Google is also doing limited testing of editing messages sent to non-Google phones like iPhones. This is a new feature supported by the new RCS Universal Profile 3.0 spec. Apple has not adopted the new profile yet, so edited messages from Android users show up as new messages, and iPhone users cannot yet edit messages they send to Android users.

But the good news is, because it's part of the spec, once Apple does upgrade to Universal Profile 3.0, then all of that should start working. So, you know, Android folks just getting it first, but we are living finally in a standards-oriented world, which is a huge relief.

Microsoft announced Wednesday that it will lay off less than 4% of its workforce, totaling about 9,000 employees. This comes on the second day of Microsoft's fiscal year. If you don't know, companies can start their fiscal year anytime. It doesn't have to be January 1st. Microsoft starts on July 1st, and it normally does a reorganization at the beginning of the fiscal year. That doesn't always result in layoffs, but this time it did. It's also not the only time Microsoft has reduced headcount this year. They did it in January. They did it in May. They did it

in June. Microsoft says it is trying to reduce the number of middle managers. So a lot of these layoffs, while they're across different departments, are focused on that layer between the executives and the frontline workers. Microsoft CEO of gaming Phil Spencer wrote specifically that his department will end or decrease work in certain areas in order to increase agility and effectiveness. And I see a lot of the headlines talking about Xbox and the cuts to Xbox, which do exist, but these cuts are coming across the enterprise at Microsoft.

Yeah, it's still coming out which studios specifically have been hit in gaming. There was an upcoming MMO project that is dead. The Forza developer, which I will stress is separate from the Forza Horizon developer. They're down 50%. And I need to get a straight number on that. But it's bad. And there's a lot of developers on my feed who are...

Who are announcing their layoffs and looking for new stuff. Yeah. And if you're not following gaming like we are, you're probably, if you're following another area, you're probably seeing it there too. 9,000 employees. That's 4% of a big company. That's a lot of people.

The Financial Times reported Tuesday that a group of investors led by the Oculus Quest co-founder Palmer Luckey is putting together a new bank called Erebor to replace some of the services previously provided by the Silicon Valley Bank, which almost went bankrupt in 2023. Palantir co-founder Joe Lonsdale and Peter Thiel are also involved, though Thiel threw his founder's fund.

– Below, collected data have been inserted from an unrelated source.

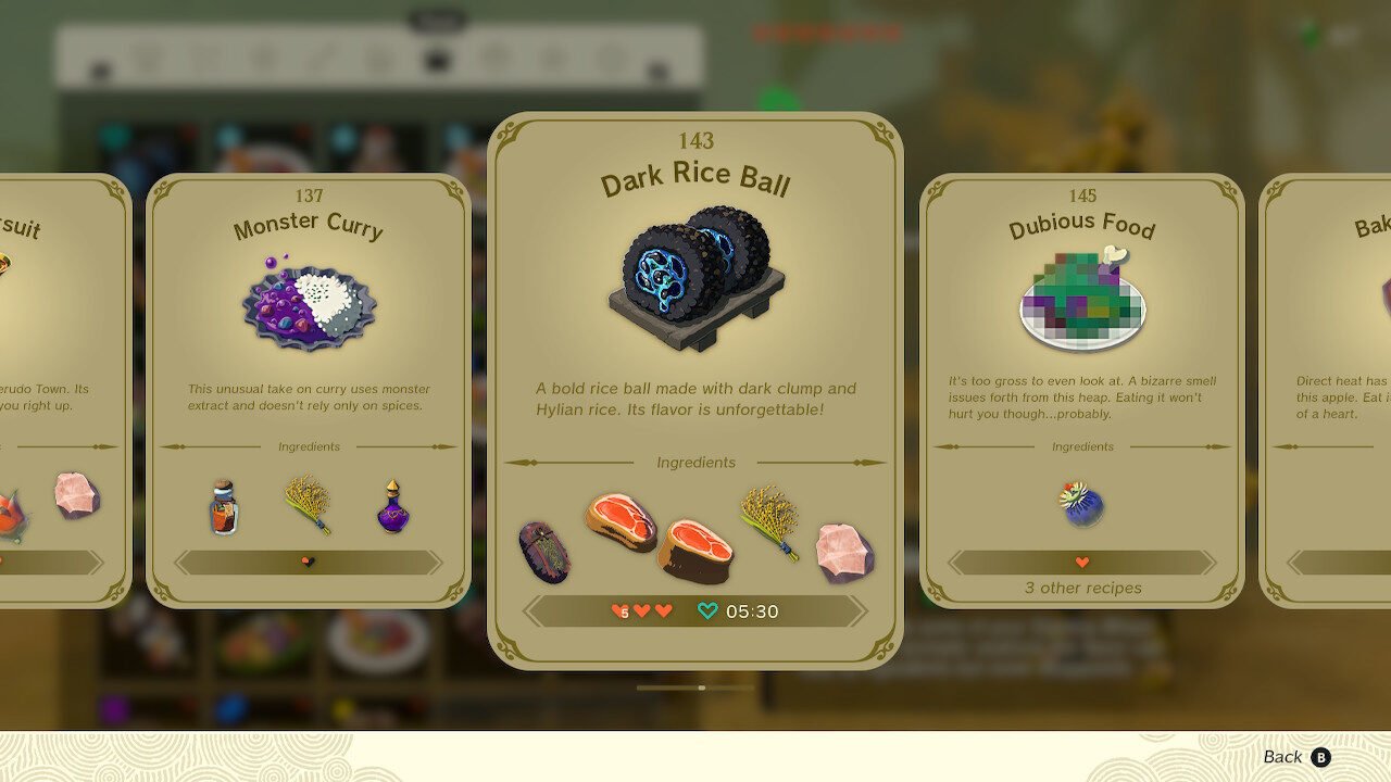 A Dark Rice Ball looks like it’d give you a stomach ache and worse, but somehow adding a “Dark Clump” to his dinner doesn’t curse Link, it protects him. If you’re braving the depths, buy Dark Clumps from a Bargainer statue, cook up a couple of dark dishes and eat. The Warding effect stops the Gloom from stealing his max health, and is a must-have for early-game depths-diving since you’ll have few hearts to spare.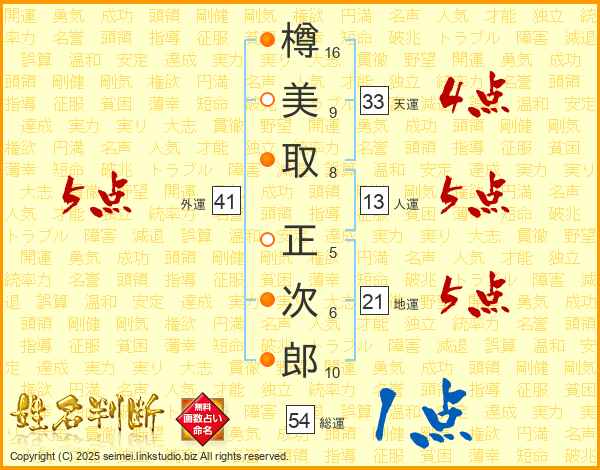 樽(16画)美(9画)取(8画) 正(5画)次(6画)郎(10画)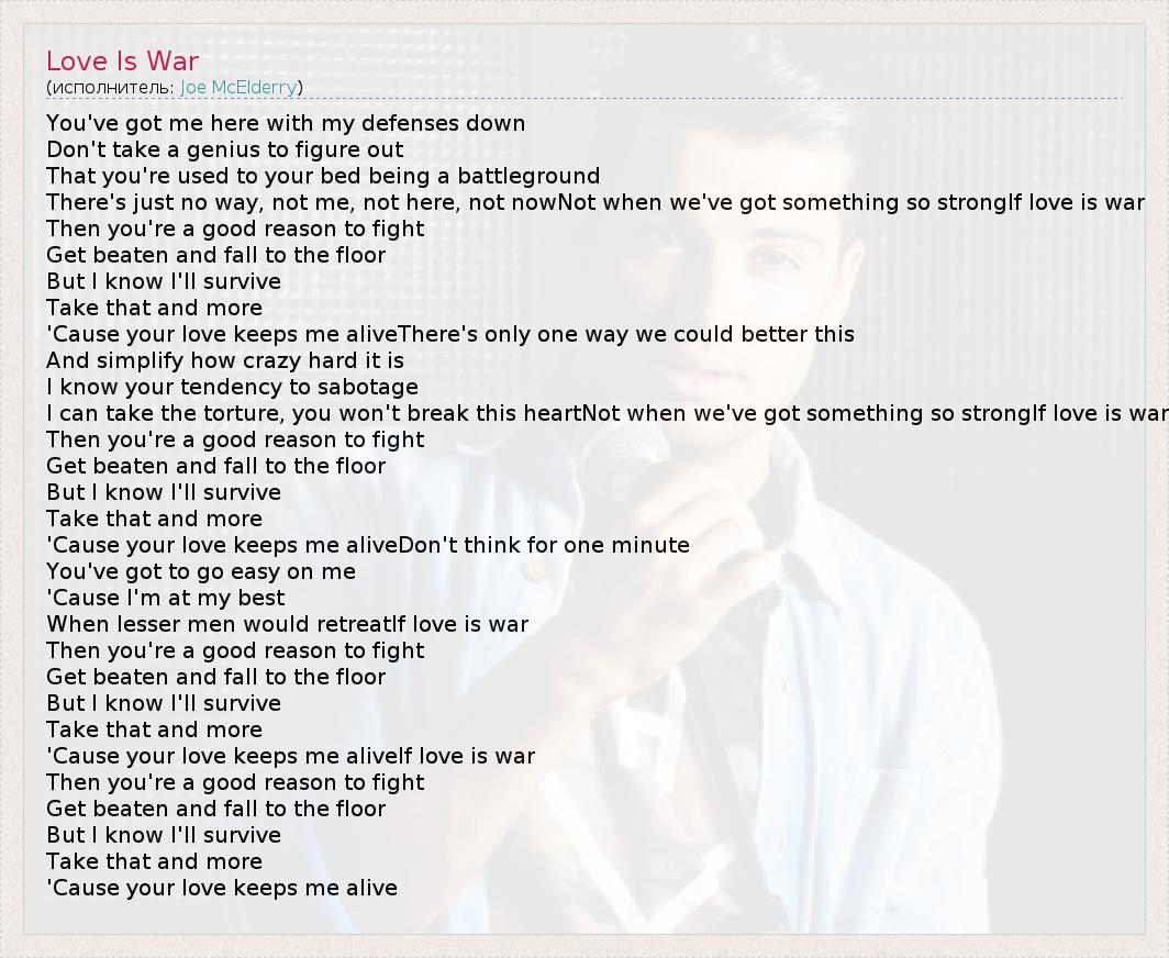 You've got me here with my defenses down Don't take a genius to figure out That you're used to your bed being a battleground There's just no way, not me, not here, not nowNot when we've got something so strongIf love is war Then you're a good reason to fight Get beaten and fall to the floor But I know I'll survive Take that and more 'Cause your love keeps me aliveThere's only one way we could better this And simplify how crazy hard it is I know your tendency to sabotage I can take the torture, you won't break this heartNot when we've got something so strongIf love is war Then you're a good reason to fight Get beaten and fall to the floor But I know I'll survive Take that and more 'Cause your love keeps me aliveDon't think for one minute You've got to go easy on me 'Cause I'm at my best When lesser men would retreatIf love is war Then you're a good reason to fight Get beaten and fall to the floor But I know I'll survive Take that and more 'Cause your love keeps me aliveIf love is war Then you're a good reason to fight Get beaten and fall to the floor But I know I'll survive Take that and more 'Cause your love keeps me alive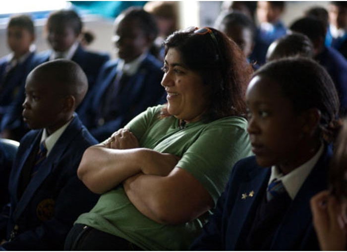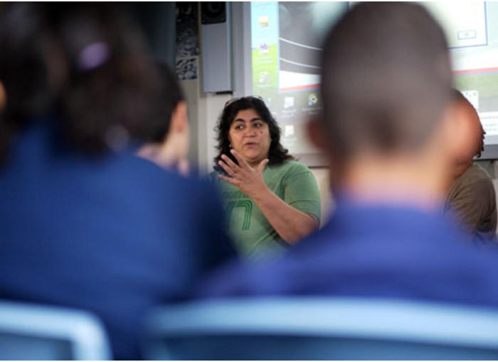 Director Gurinder Chadha talks to pupils at a school in Hendon, London as part of a BAFTA event with FILMCLUB (pic: BAFTA / Mark Chilvers).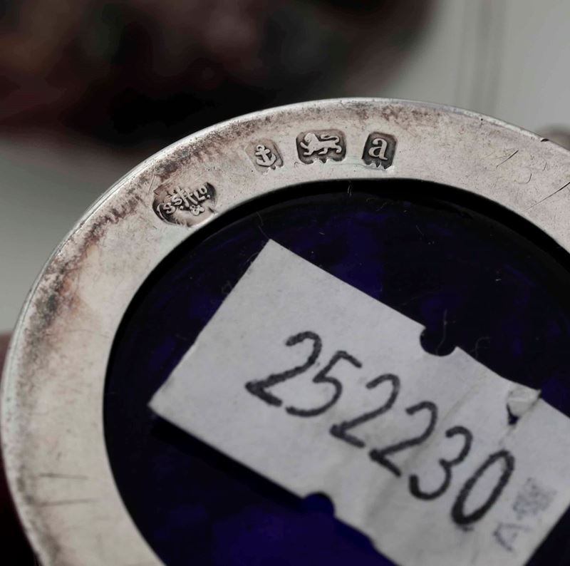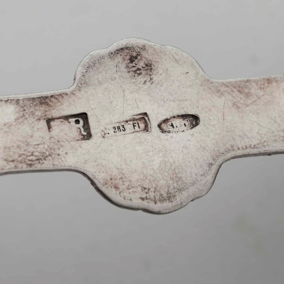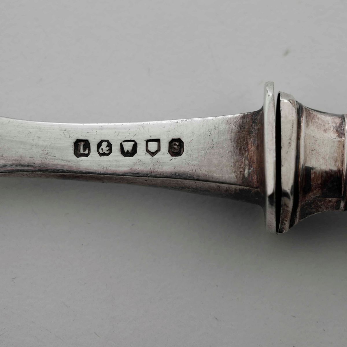 Lotto di due mostardiere in argento e tre posate. Inghilterra e Italia XX secolo
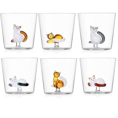 Ichendorf Set med 6 vattenglas djur djur gård tabby katt dekorerade glas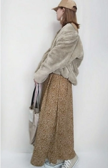 ブラウンの女らしい小花柄ワンピースを、キャップ、ボアブルゾン、ベージュコンバースでカジュアルに仕上げたコーデ。小物の色みをベージュコンバースとそろえれば、バランス良くまとまります。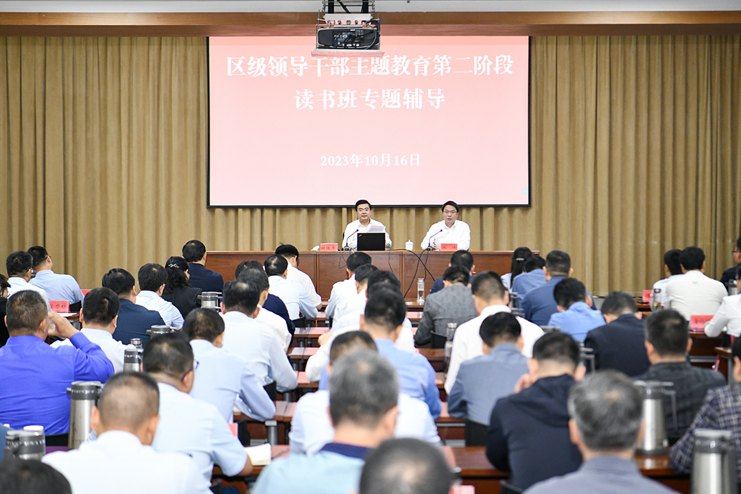 10月16日下午,区级领导干部学习贯彻习近平新时代中国特色社会主义思想主题教育读书班举行第二场专题辅导。区委书记陈伟主持读书班并讲话。区委副书记、区长顾宇等出席。

The Financial Times says stable coins would be a major part of the venture. And yes, Erebor is named after the mountain from Tolkien's The Hobbit. Yeah, the Lonely Mountain is what most people probably know. Erebor is the, you know, the official name. I guess it's in Elvish? That part I'm not sure on. They could have called the bank the Lonely Mountain, though. That'd be kind of cool, too. Yeah.

This is a big deal because you're seeing Silicon Valley folks, you know, Palmer Luckey is also the co-founder of Anduril, which is a military contractor, you know, putting away new way, putting together new ways of funding that for people who might not be able to find funding, they used to be able to find it with Silicon Valley Bank.

So the idea is now they can find it through Erebor. They're going to do a lot of experimenting with cryptocurrency, but this isn't a pump and dump kind of scheme. This is we think we can make a more efficient bank by doing this. And that's why they're talking about stable coins. So it'll be interesting to see how this fares and what risks they're willing to take that will not lead to a collapse like it did with Silicon Valley Bank.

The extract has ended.